Scholars such as Aḥmad Zarrūq and al-Jāmī acknowledged that while dhawq can affirm spiritual truth, it may also be influenced by factors such as passion or self-deception. As a result, they emphasized the importance of distinguishing authentic taste from fleeting or misleading emotional states. For dhawq to be considered valid, it must be grounded in spiritual integrity and verified through the stability of one’s inner condition.

== In Sufi poetry ==
In Sufi poetry, dhawq often serves as a metaphor for divine love. Prominent figures such as al-Muhājī and al-Ḥallāj describe it as a deeply personal experience in which the lover is united with the Beloved. The “taste” of love is portrayed as a powerful force that transcends reason, drawing the seeker into an intimate relationship with God.

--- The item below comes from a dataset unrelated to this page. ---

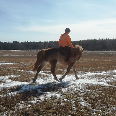Aloin vähän huolestua, kun ratsukoista ei kuulunut mitään. Mun puuhat oli jo tehty ja liikuskelin tallipihalla vähän levottomasti. Lopulta saapuivat. Kaikki oli mennyt erinomaisesti. Tekivät reilun 12 km lenkin ja etenivät pääsääntöisesti varsin rauhallisesti, joten aikaakin vähän kului.

== Definitions in Sufi literature ==
Sufi encyclopedias and Islamic dictionaries define dhawq in both spiritual and philosophical terms. Al-Jurjānī described it as a divine light projected into the hearts of the saints, enabling them to recognize truth without the need for intermediaries. Al-Tahānawī interpreted dhawq as a spiritual drink offered to those who love God, echoing earlier definitions provided by al-Qāshānī.